Esta tarefa de cessar é
que puxa minhas frases para antes de mim.
Ateu é uma pessoa capaz
de provar cientificamente que não é nada. Só se compara aos santos. Os santos
querem ser os vermes de Deus.
Melhor para chegar a
nada é descobrir a verdade.
O artista é erro da
natureza. Beethoven foi um erro perfeito.
Por pudor sou impuro.
O branco me corrompe.
Não gosto de palavra
acostumada.
A minha diferença é
sempre menos.
Palavra poética tem que
chegar ao grau de brinquedo para ser séria.
Não preciso do fim para
chegar.
Do lugar onde estou já
fui embora.
Esse é um dos meus
poemas favoritos por causa de uma frase: “Tem mais presença em mim o que me
falta”. A primeira vez que o li, pensei: como assim? Como o que falta pode ter
tanta presença em alguém, ao ponto de a ausência ter mais presença do que a
própria presença. Passei dias e dias pensando nessa frase, que não saia da
minha cabeça nem a pau.
Depois de muito pensar
entendi o que me incomodava e foi bom perceber que o incômodo advinha do fato
de aquela bendita frase estar falando sobre mim, diretamente e sem nenhum
entremeio. Qual era, afinal, a questão?
Descobri que o que me
faltava era o futuro. Eu vivia de projetos e os projetos são, em certa medida,
ausências, faltas, que se fazem presentes no plano das estratégias.
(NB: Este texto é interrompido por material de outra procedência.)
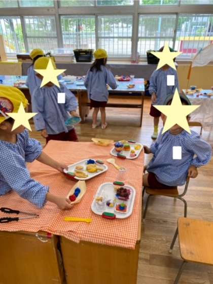 レストランみたい 公開日 2024/06/28 更新日 2024/06/28 幼稚園日記 カラフルな画用紙でつくった紙粘土で、ご馳走づくりをしている子どもたち。 保育室に入ると、とてもいい顔で「ここに座って」と出迎えてくれました。 いいね(0)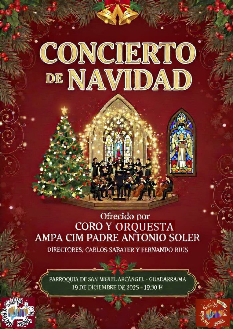 El próximo 19 de diciembre, el coro del AMPA CIM, dirigido por Carlos Sabater, y acompañado por la orquesta de alumnos, bajo la dirección de Fernando Rius, interpretarán el clásico Concierto de Navidad en la Parroquia de San Miguel Arcángel (Guadarrama) a las 19:30 h.

Foi curioso
ver a vida assim, entendê-la e aceitá-la. Mais curioso ainda pensar no quanto a
cultura é responsável por tudo isso, por todas essas ausências. A antropologia
demonstra que há sociedades que nós poderíamos classificar, com boa dose de etnocentrismo, como "sem futuro" porque não se pensam para além do presente, não têm projetos
para além da vida cotidiana e mais próxima. Da mesma forma, há sociedades que
dialogam com o passado de forma muito diferente. Em comparação, nós até mesmo
as classificaríamos, com outra dose de etnocentrismo, como sociedades “sem
passado” porque nem mesmo as datas de nascimento importam. São outros tempos e
outros espaços que formam outras pessoas, com preocupações muito diferentes das
nossas e das minhas em particular.
Não aboli os projetos
da minha vida. Pelo contrário. Sou um cientista e cientistas vivem disso, de
projetos, de faltas, de ausências. Esse é o nosso trabalho, mas não tem que
ser, é claro, a nossa vida. Sigo com minhas faltas e minhas ausências, mas
resolvi essa questão reservando um bom tempo para pensar nas presenças que não
faltam. Elas envolvem símbolos, coisas e principalmente pessoas. Hoje, penso
que o que mais importa são as pessoas, nada além delas. São elas que deixam
marcas indeléveis em nossas existências. São elas que nos sacodem, esticam,
esmigalham, constroem e reconstroem nossos cotidianos. Assumem papéis, trocam
de papéis, nos amam, nos odeiam e nos amam de novo. São elas, as pessoas de
nossas vidas.
Eu dedico esse post
para todas as pessoas da minha vida. Vocês sabem quem são vocês e o quanto me
sacudiram, esticaram, esmigalharam; construíram e desconstruíram a minha
existência. Peço que continuem assim, exatamente assim; e espero ser assim para
vocês também. Juntos podemos viver bem as presenças e ajudarmo-nos a lidar com as ausências.
Um feliz ano novo para
todo mundo.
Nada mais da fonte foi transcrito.